Armstrong’s record-breaking jet donated to museum


By Tara Jones - tjones@limanews.com



The Learjet 28 Longhorn's (28-001) final flight included passovers at the Armstrong Air and Space Museum and Neil Armstrong Museum.

The Learjet 28 Longhorn's (28-001) final flight included passovers at the Armstrong Air and Space Museum and Neil Armstrong Museum.


Donor Kevin Hayward, left, poses with co-pilots Jim Dinan and Gregory H. Johnson.


Gregory Myers, president of the Armstrong Air and Space Museum Board of Directors, gives opening remarks at the ceremony Wednesday morning at the Neil Armstrong Airport in New Knoxville.


Mark Stear, a student of Neil Armstrong's at the University of Cincinnati shared personal stories of his time with Armstrong along with several others at the ceremony.


Gregory H. Johnson and his co-pilots shared the experience of Learjet 28-001's final flight.
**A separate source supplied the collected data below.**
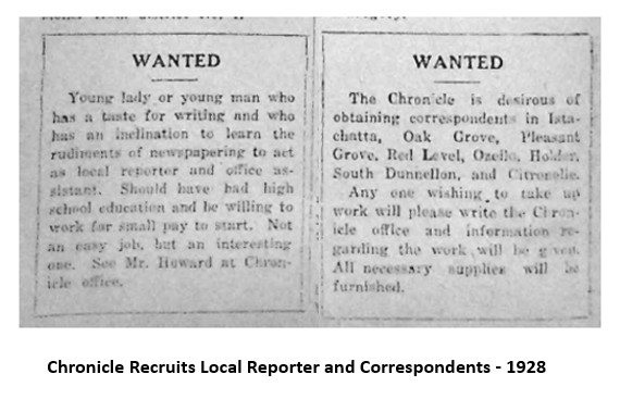 Newspapers realized that their readers were clamoring for more information about their community. By the 1920’s, the Chronicle had committed to expanding their local coverage by both hiring a staff local reporter and greater use of local stringers / correspondents.
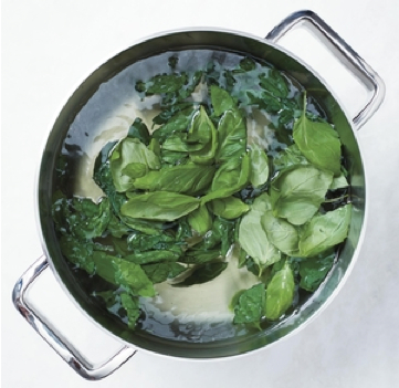 Bring a large pot of salted water to a boil. Fill a large bowl with ice and water and set aside nearby. Cook the basil in the boiling water until bright green, about 10 seconds. Transfer to the prepared ice bath using a slotted spoon. Let the basil cool, then drain and squeeze dry.
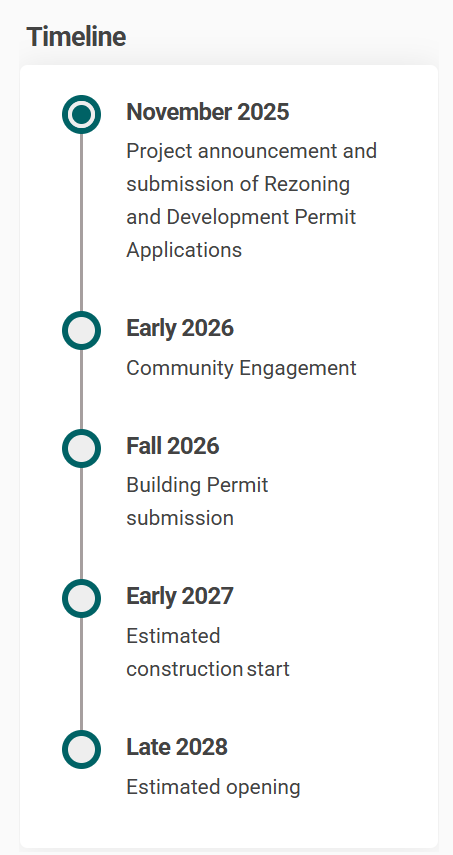 这类住房主要面向以下群体: 无家可归或即将无家可归的人; 受精神健康问题或药物依赖困扰的人群; 因身体障碍或健康状况难以独立生活者。 BC Housing表示,该项目致力于“为弱势群体提供稳定住所与健康支援服务”,服务内容包括24小时驻点人员、每日三餐、心理辅导、就业培训、以及药物安全使用指导等。 该地块目前为空置状态,产权归属本拿比市政府。 若项目推进,政府计划将土地租给BC Housing,但前提是必须完成一系列关键审批。这包括:更改土地用途规划、获取开发许可,并最终取得建筑许可。 目前,项目仍处于等待市政府审议与公众意见征集阶段。即便进展顺利,官方预计最早也需至2028年底才能完工入住。
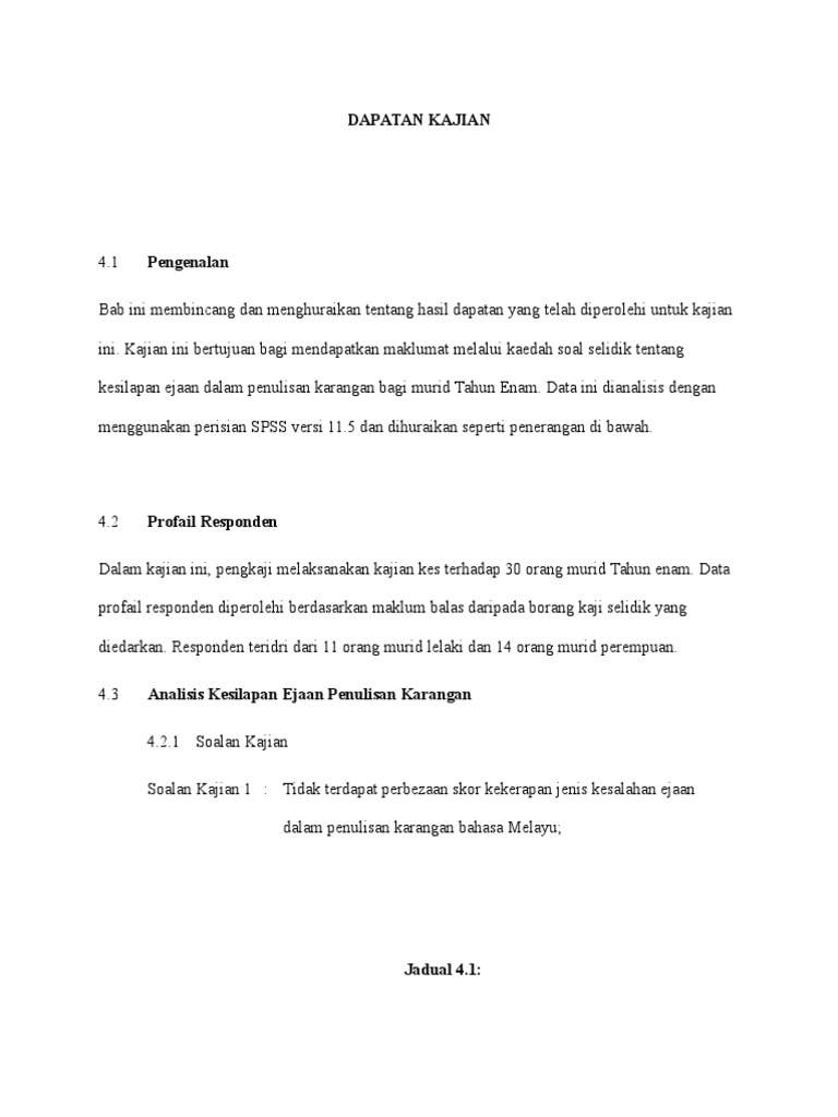 Contoh Dapatan Kajian Ctu152 Boleh Refer Bab Empat Analisis Dan Dapatan Kajian 4 Pendahuluan Studocu

Neil Armstrong's sons, Rick and Mark, were present at Wednesday's landing of the Learjet 28. The date also marked what would have been Armstrong's 90th birthday.


Kevin Hayward, who donated the Learjet 28 to the Armstrong Air and Space Museum receives a plaque with the dollar bill that completed the jet’s sale to the museum.


Amanda Wilson | Aim Media Midwest

Members of the Armstrong Air and Space Museum and Neil Armstrong Airport toast to the completion of a five-year project to bring the Learjet 28 to Wapakoneta.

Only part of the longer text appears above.